Dataset entries
= = =
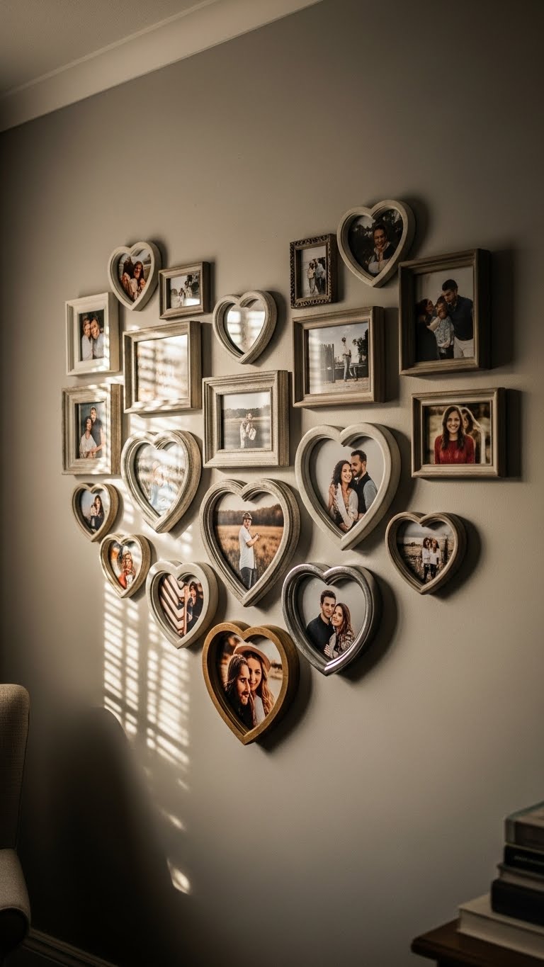 Create a photo wall with couple pics. Print photos and frame in hearts. Hang on empty walls. Ideal for studios. DIY: Use string and clips for easy setup. Spend $2 on prints. Group them for impact. It adds personal stories. Change photos anytime. Your wall will tell a tale.
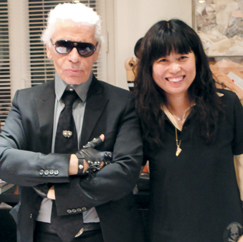 ▲ 샤넬 수석 디자이너 칼 라거펠트(사진 왼쪽)와 포즈를 취한 김영성씨./김영성씨 제공
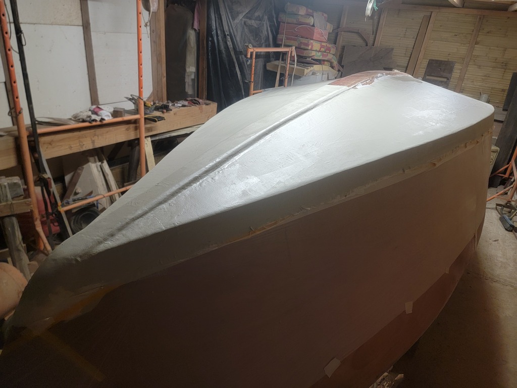 J ai retiré les scotch de mascage. Donc je poserai l antifouling juste avant le retournement du bateau.
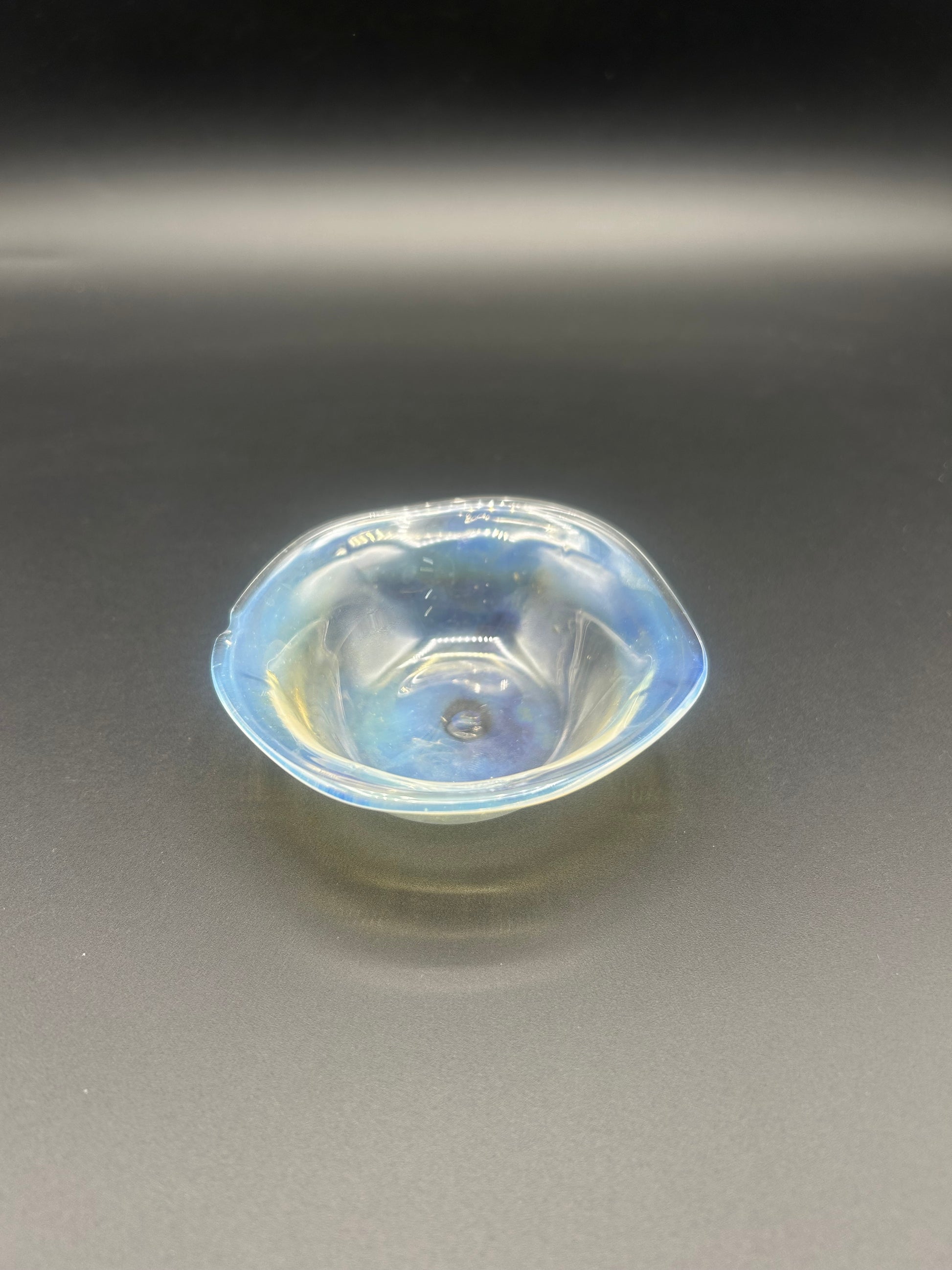 Clear Borosilicate class 32mmX4mm and .99% fine silver fumed over the glass to give it that blue hue
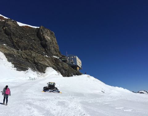 像阿莱奇冰川这样的景色,啥话都不用多说,只要来就值了!欧洲之巅少女峰形成的几亿年的冰川,即将在这几十年消亡,此时不看更待何时。上山的缆车在一片浓雾中,没想到山顶拨云见日!
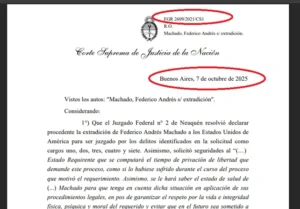 Posteriormente, el 29 de noviembre 2024, Oneto le dio otra vuelta de tuerca al asunto, con una presentación que enteraba a los ahora tres supremos, que había un fallo en EEUU que podía cambiar la situación de su defendido. Pero recién el 21 de agosto pasado, nueve meses después, como si estuvieran pariendo un hijo, y cuando la situación de Machado comenzaba a hacer ruido en la opinión pública, los tres supremos le ordenaron al juez Villanueva de Neuquén, qué vía la Cancillería pidiera a la justicia estadounidense que informara al respecto.
= = =
Required work: Set down the entries shown above once more, exactly as they read, but without pictures.

Your solution:
 Create a photo wall with couple pics. Print photos and frame in hearts. Hang on empty walls. Ideal for studios. DIY: Use string and clips for easy setup. Spend $2 on prints. Group them for impact. It adds personal stories. Change photos anytime. Your wall will tell a tale.
 ▲ 샤넬 수석 디자이너 칼 라거펠트(사진 왼쪽)와 포즈를 취한 김영성씨./김영성씨 제공
 J ai retiré les scotch de mascage. Donc je poserai l antifouling juste avant le retournement du bateau.
 Clear Borosilicate class 32mmX4mm and .99% fine silver fumed over the glass to give it that blue hue
 像阿莱奇冰川这样的景色,啥话都不用多说,只要来就值了!欧洲之巅少女峰形成的几亿年的冰川,即将在这几十年消亡,此时不看更待何时。上山的缆车在一片浓雾中,没想到山顶拨云见日!
 Posteriormente, el 29 de noviembre 2024, Oneto le dio otra vuelta de tuerca al asunto, con una presentación que enteraba a los ahora tres supremos, que había un fallo en EEUU que podía cambiar la situación de su defendido. Pero recién el 21 de agosto pasado, nueve meses después, como si estuvieran pariendo un hijo, y cuando la situación de Machado comenzaba a hacer ruido en la opinión pública, los tres supremos le ordenaron al juez Villanueva de Neuquén, qué vía la Cancillería pidiera a la justicia estadounidense que informara al respecto.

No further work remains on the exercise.